Powell’s ardent advocacy for expanding the money supply to address the coronavirus problem made his subsequent insistence for much of 2021 that inflation was a “transitory” problem that would go away of its own accord all the more puzzling. Traditionally, there is a considerable time lag between monetary policy actions taken by a central bank, and when the impact of those actions ripple across the economy – whether those efforts are targeted at stimulating the economy, which the Fed sought to do by expanding the money supply in 2020, or stemming inflation as it is now seeking to do. And the emergence of inflation in the second quarter of 2021 appeared to be a case in point, as the first surge in the rate of inflation – 2.6% to over 5% from March to July 2021 – came right within the nine to eighteen month time lag that monetary economists would predict from when the Fed began expanding the money supply in early 2020, to when it began to impact price levels. Whatever other factors were present – Putin’s war and global supply chain issues – it is hard to imagine that as a central banker responsible for monetary policy, Powell would not have expected that increasing the money supply by 40%, as the Fed did in 2020, would not have some degree of inflationary impact a year or two down the road.
Jerome Powell is an enigma. Four years ago, in a quieter moment, he compared Fed policy making to walking through a room full of furniture in the dark, “What do you do? You slow down. You stop, probably, and feel your way.” Managing a complex modern economy with the blunt tools available to a central banker, his words suggest, is an art, as much as a science, complicated by the long lag time between actions and effect.

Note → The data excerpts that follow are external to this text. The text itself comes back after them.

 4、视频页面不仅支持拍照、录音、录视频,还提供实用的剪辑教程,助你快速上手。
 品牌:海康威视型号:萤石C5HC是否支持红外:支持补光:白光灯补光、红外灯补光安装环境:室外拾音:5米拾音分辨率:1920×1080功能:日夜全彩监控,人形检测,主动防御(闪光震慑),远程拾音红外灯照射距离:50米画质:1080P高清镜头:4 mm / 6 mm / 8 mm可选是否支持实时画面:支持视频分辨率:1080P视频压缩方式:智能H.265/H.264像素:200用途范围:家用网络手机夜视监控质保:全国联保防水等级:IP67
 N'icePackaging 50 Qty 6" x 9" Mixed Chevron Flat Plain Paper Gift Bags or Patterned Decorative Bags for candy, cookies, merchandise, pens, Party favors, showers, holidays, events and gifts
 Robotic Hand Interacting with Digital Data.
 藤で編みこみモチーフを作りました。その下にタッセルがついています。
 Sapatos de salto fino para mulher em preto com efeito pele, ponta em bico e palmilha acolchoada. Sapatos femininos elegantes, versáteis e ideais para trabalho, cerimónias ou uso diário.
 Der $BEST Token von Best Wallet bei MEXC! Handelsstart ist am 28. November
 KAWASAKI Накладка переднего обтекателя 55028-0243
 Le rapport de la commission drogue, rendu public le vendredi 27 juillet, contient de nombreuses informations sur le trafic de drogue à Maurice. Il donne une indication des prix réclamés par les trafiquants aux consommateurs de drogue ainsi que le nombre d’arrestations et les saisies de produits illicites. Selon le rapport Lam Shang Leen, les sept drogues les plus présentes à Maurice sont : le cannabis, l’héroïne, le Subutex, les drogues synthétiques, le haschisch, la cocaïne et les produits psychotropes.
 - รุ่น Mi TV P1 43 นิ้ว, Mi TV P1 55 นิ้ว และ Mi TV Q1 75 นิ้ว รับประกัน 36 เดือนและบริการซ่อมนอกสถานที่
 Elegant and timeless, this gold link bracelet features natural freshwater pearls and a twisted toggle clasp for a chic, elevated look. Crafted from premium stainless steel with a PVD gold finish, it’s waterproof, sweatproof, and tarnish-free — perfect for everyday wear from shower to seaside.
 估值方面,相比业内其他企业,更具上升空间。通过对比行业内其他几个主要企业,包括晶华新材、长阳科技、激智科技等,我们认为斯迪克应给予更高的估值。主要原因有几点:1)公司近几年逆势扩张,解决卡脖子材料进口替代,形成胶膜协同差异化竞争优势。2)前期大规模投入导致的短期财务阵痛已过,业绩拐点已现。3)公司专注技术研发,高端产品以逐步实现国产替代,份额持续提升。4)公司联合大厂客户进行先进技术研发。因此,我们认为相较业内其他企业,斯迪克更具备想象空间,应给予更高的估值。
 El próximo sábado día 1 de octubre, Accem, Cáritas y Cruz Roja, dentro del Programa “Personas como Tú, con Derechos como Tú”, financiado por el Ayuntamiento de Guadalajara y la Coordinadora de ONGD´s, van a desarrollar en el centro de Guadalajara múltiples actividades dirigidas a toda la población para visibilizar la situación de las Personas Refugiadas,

Then the crises hit. First Covid-19, and then inflation, and that notion of feeling your way along seemed to have fallen by the wayside. In 2020, the previously stoic, cautious Jerome Powell morphed into a sort of Ben Bernanke on steroids, as his notion of carefully feeling his way along gave way to an aggressive “go big, go fast” philosophy, and a 40% increase in the money supply – four times the rate of growth Bernanke oversaw in 2008. Now, having embraced his Volckerian persona, Powell has again left his “slow down, feel your way” stance in the rearview mirror. Once again, it is pedal-to-the-metal, just heading in the opposite direction this time.
History may not treat Powell well. Interviewed last week, long-time Wall Street wizard Carl Icahn offered a harsh retort to Powell’s newfound embrace of Paul Volcker, as Icahn compared the Fed’s expansion of the money supply in 2020 to the debasement of the currency that brought about the fall of the Roman Empire. Others fear that in his zeal to tighten the economic screws, there is a real possibility that Powell will overshoot to the downside this time, and leave the nation trapped in a deflationary spiral.
In the end, it is not the extremes of Powell’s actions that are difficult to comprehend, as the challenges he has faced are truly historic, but the refusal to acknowledge the potential unintended consequences of his actions, as the nation is whipsawed from one crisis to the next. Perhaps this will not be the end of the world as we know it, as Icahn suggests, but while Jerome Powell continues to try to reframe his persona in the heroic image of Paul Volcker, a more apt analogy may be the arsonist who hops on the fire truck and seeks to lead the effort to put out the blaze, hoping beyond hope that no one will notice the box of matches in his back pocket.